** DATASET CONTENT **
----------
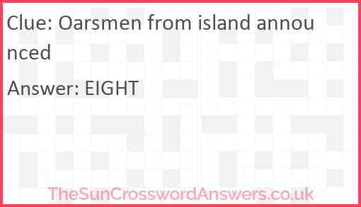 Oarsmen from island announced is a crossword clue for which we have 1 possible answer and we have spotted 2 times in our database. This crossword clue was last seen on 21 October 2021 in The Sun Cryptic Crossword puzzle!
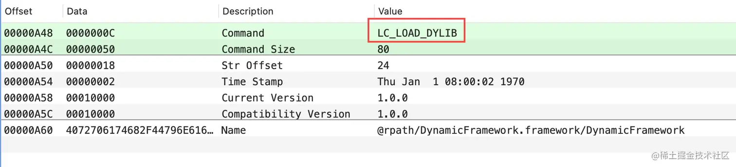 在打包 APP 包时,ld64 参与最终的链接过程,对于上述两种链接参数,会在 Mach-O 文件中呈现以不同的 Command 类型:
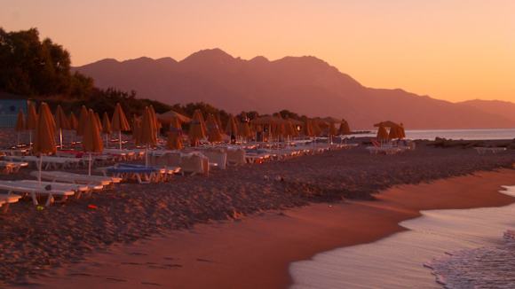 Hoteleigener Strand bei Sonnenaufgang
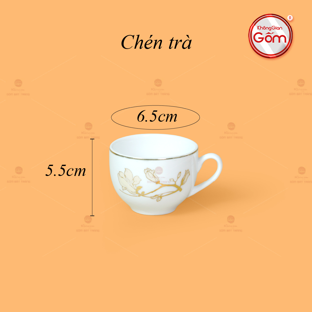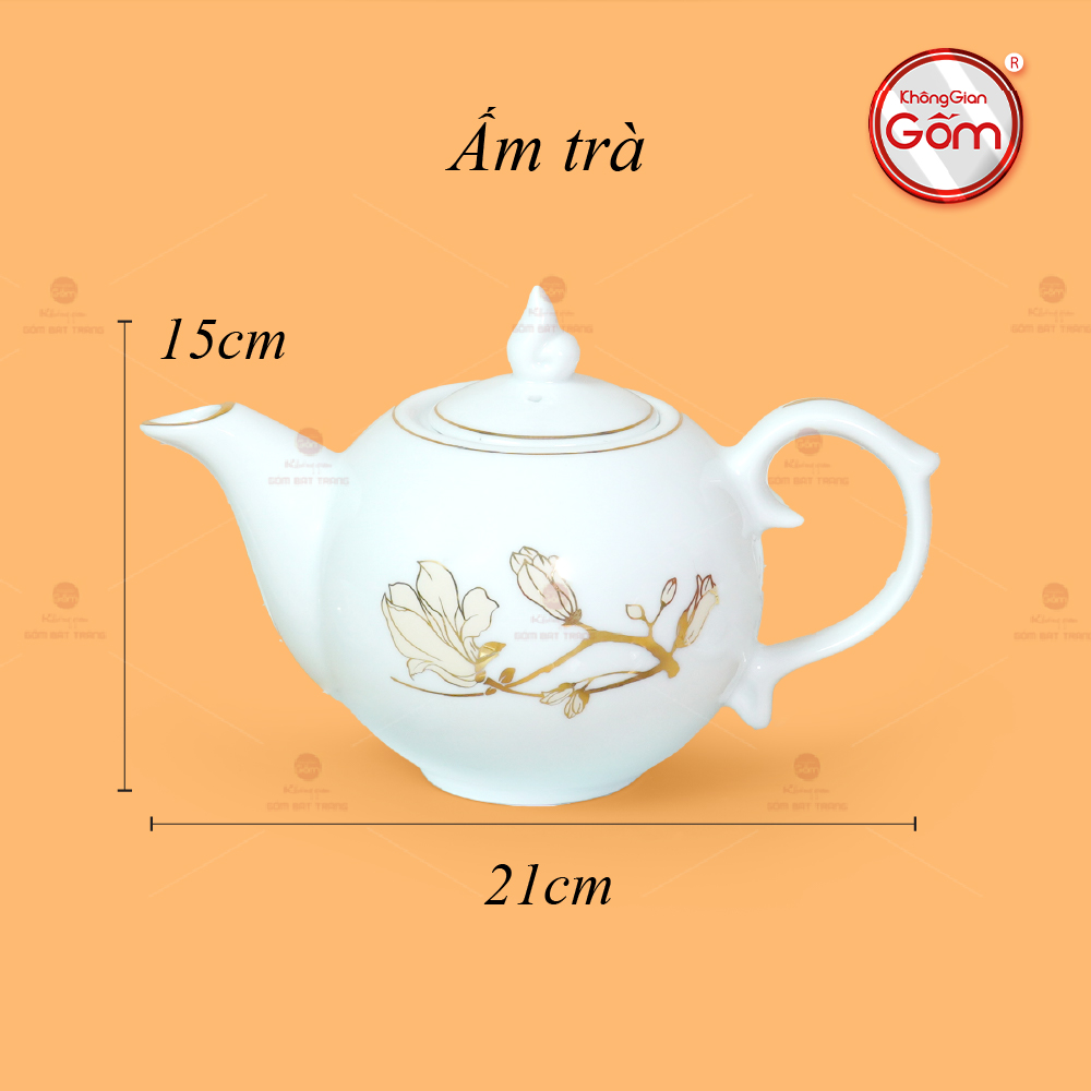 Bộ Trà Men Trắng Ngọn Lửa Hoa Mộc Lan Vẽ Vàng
----------
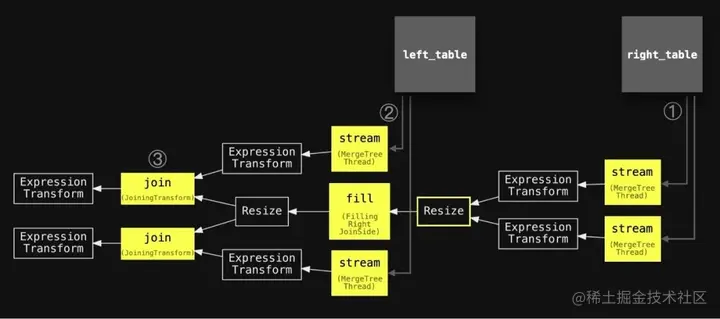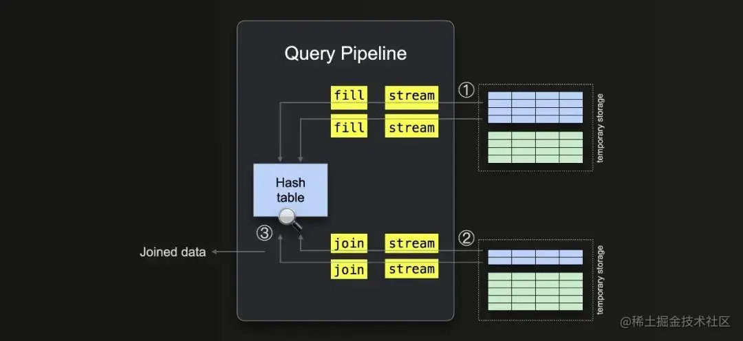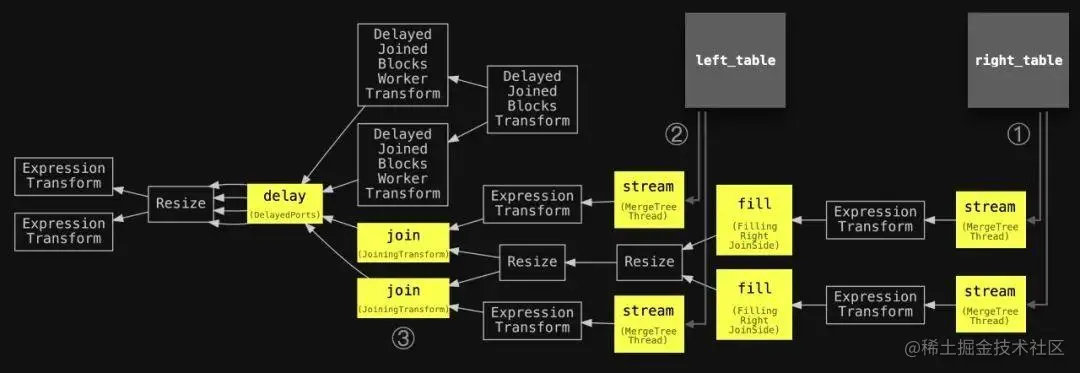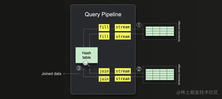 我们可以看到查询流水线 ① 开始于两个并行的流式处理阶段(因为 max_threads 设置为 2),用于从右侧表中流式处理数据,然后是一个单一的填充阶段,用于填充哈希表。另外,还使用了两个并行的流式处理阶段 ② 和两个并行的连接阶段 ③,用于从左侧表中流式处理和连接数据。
----------
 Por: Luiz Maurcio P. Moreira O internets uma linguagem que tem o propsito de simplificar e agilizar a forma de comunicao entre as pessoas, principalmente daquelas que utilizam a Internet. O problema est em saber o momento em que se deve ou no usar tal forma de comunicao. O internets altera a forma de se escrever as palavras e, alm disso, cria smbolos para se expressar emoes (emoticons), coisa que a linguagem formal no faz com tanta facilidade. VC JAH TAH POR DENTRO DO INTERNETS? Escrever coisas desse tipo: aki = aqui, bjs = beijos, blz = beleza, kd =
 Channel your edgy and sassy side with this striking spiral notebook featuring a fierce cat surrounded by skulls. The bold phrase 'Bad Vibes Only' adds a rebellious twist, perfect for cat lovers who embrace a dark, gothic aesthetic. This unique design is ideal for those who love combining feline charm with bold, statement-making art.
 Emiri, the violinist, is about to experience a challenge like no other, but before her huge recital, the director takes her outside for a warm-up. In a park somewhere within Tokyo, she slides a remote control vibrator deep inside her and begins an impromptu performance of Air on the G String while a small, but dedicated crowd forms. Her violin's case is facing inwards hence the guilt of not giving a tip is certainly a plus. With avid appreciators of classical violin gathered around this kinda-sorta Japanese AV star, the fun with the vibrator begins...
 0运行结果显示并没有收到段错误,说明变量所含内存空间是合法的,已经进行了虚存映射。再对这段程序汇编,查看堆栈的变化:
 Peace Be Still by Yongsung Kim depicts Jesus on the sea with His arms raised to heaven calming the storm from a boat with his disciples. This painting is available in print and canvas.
----------
** WHAT NEEDS TO BE DONE **
Give back exactly the lines above that run from the one with "Oarsmen from island" to the one with "Bộ Trà Men Trắng", including both, with the pictures left out.

** OUTPUT FOR THIS TASK **
 Oarsmen from island announced is a crossword clue for which we have 1 possible answer and we have spotted 2 times in our database. This crossword clue was last seen on 21 October 2021 in The Sun Cryptic Crossword puzzle!
 在打包 APP 包时,ld64 参与最终的链接过程,对于上述两种链接参数,会在 Mach-O 文件中呈现以不同的 Command 类型:
 Hoteleigener Strand bei Sonnenaufgang
 Bộ Trà Men Trắng Ngọn Lửa Hoa Mộc Lan Vẽ Vàng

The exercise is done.